◆ **Information provided**:
——————————

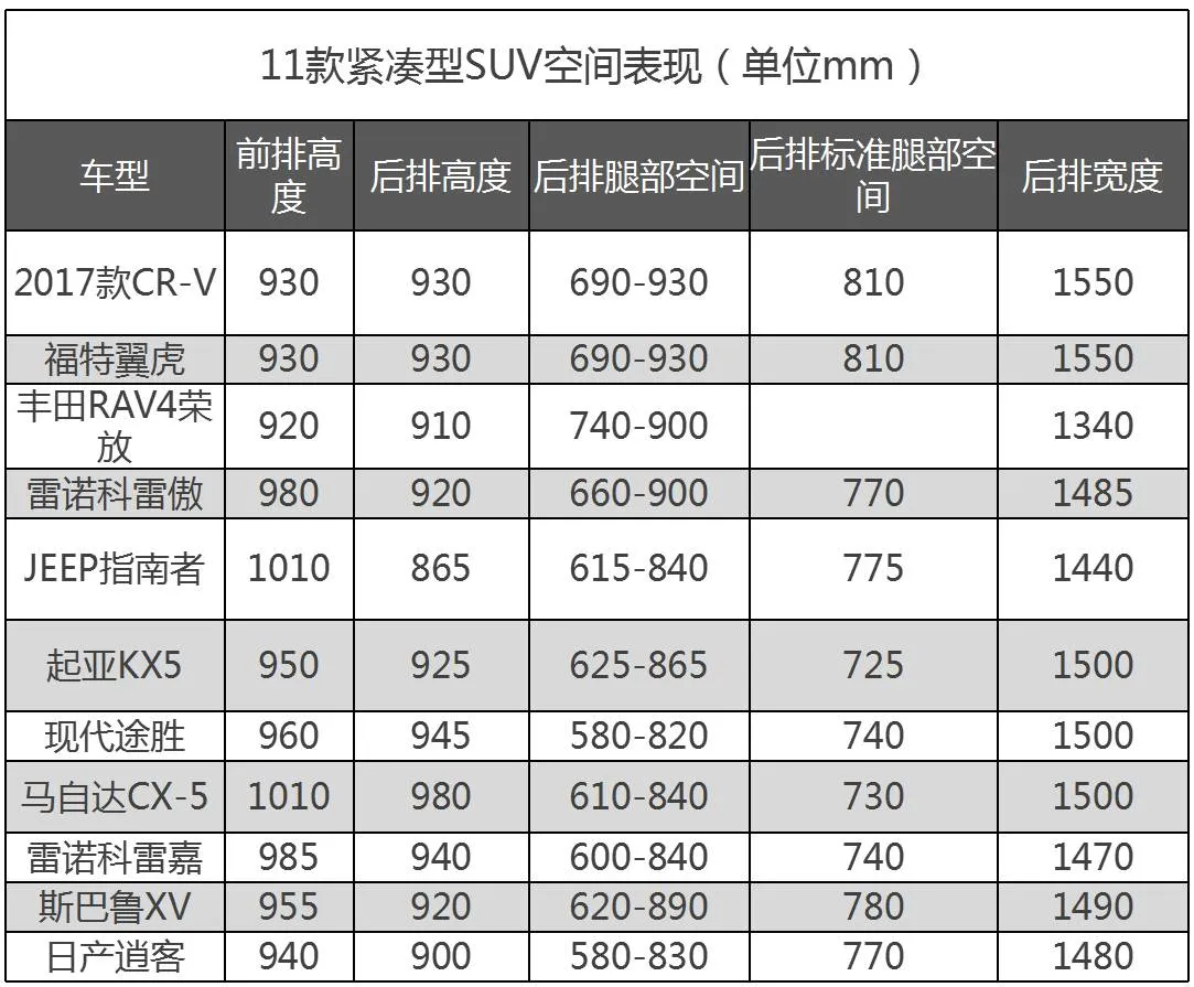 这些车看上去差不多大,也都宣传自己的后排空间宽敞无比,这可把我们挑花眼了,其实对于消费者来说,买紧凑型SUV主要就是家用(别告诉我你买CR-V是为了飙车),所以买家最想知道的无非就是几个问题:
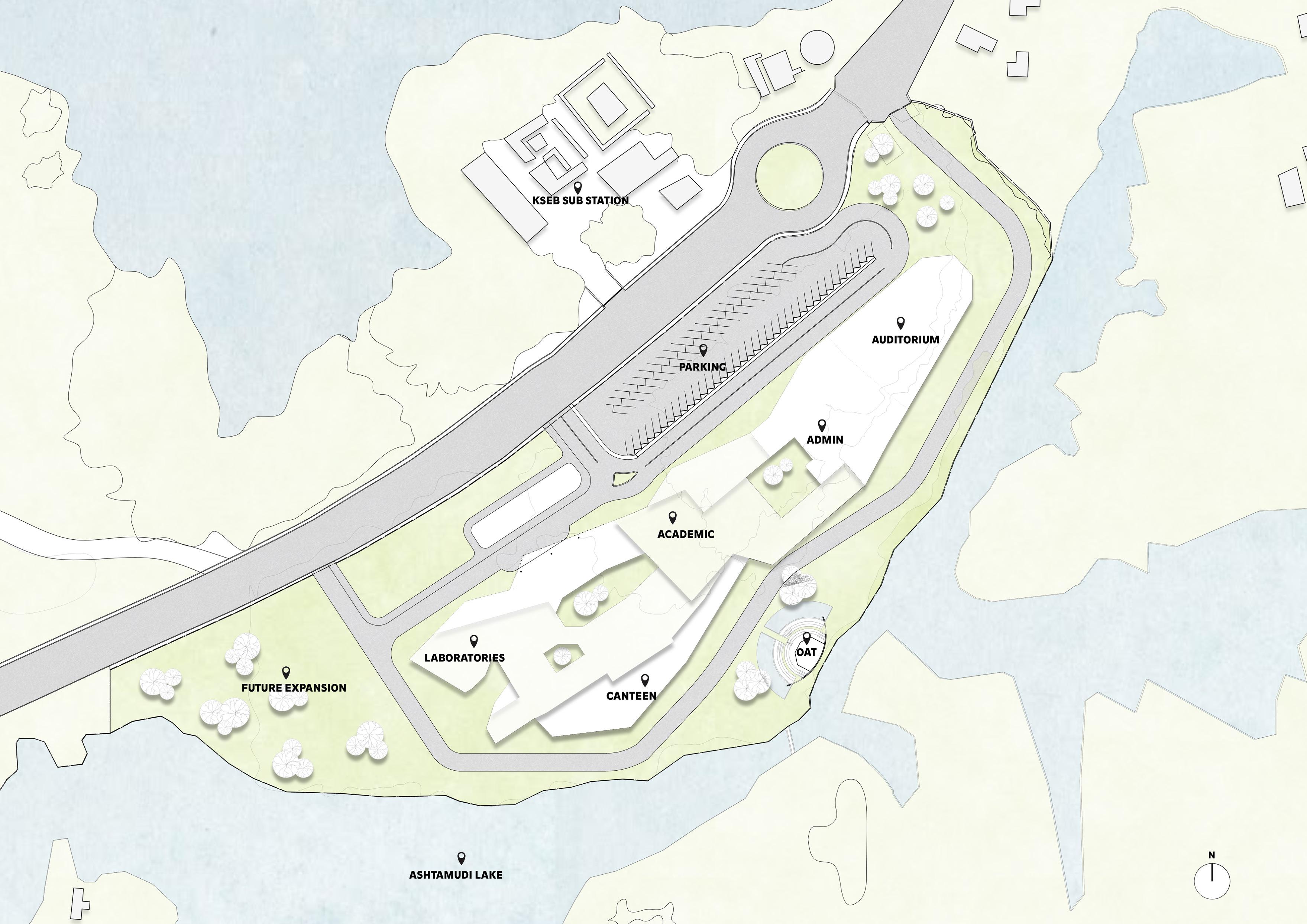The objective of the project was to design a campus for The Kerala University of Fisheries and Ocean Studies (KUFOS), a research institution focused on fisheries and ocean sciences that was founded by the Kerala government. Since fish culture, aquaculture, artificial breeding, and fisheries resources are all included in the study of Fishery Science, ponds must be built on campus to accommodate the demands. The aquarium, the theatre, and a few labs are among the campus locations that are open to the public. The design should work well for all kinds of users.
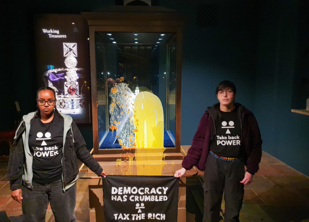Pe lângă plăcintă, sau mai degrabă crumble (o rețetă pentru această prăjitură poate fi găsită pe BBC), activiștii au adus la muzeu un recipient cu cremă de vanilie, pe care au turnat-o și peste vitrina în care se afla coroana.
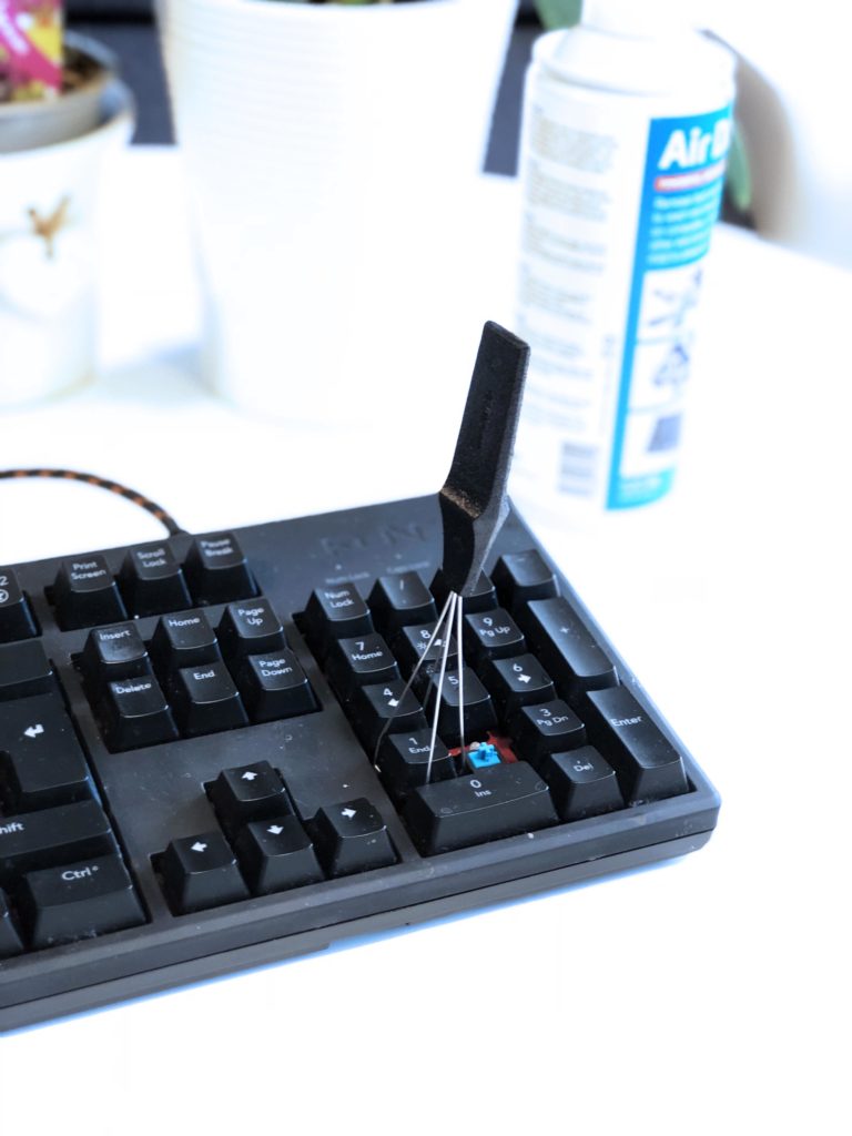 Vi börjar med att använda brytarlocksdragaren för att ta bort samtliga brytarlock. Se till att först ta en bild av tangentbordet innan ni sätter igång, det kommer att vara till stor hjälp när Ni sedan sätter tillbaka tangenterna mot slutet. Om Ni använder en brytarlocksdragare med vajer-design som vår, kila fast den under kanterna av brytarlocket och dra sedan försiktigt rakt upp. Om ni inte har en brytarlocksdragare så fungerar många improviserade lösningar med, som exempelvis tråd. Försök att undvika att använda fingrarna, då Ni löper risk att skada brytarstammen.

——————————

◆ **Problem requirements**:
The answer is the lines above from the one with "The objective of" to the one with "Pe lângă plăcintă, sau", set down exactly, with no pictures.

◆ **Task output**:
The objective of the project was to design a campus for The Kerala University of Fisheries and Ocean Studies (KUFOS), a research institution focused on fisheries and ocean sciences that was founded by the Kerala government. Since fish culture, aquaculture, artificial breeding, and fisheries resources are all included in the study of Fishery Science, ponds must be built on campus to accommodate the demands. The aquarium, the theatre, and a few labs are among the campus locations that are open to the public. The design should work well for all kinds of users.
Pe lângă plăcintă, sau mai degrabă crumble (o rețetă pentru această prăjitură poate fi găsită pe BBC), activiștii au adus la muzeu un recipient cu cremă de vanilie, pe care au turnat-o și peste vitrina în care se afla coroana.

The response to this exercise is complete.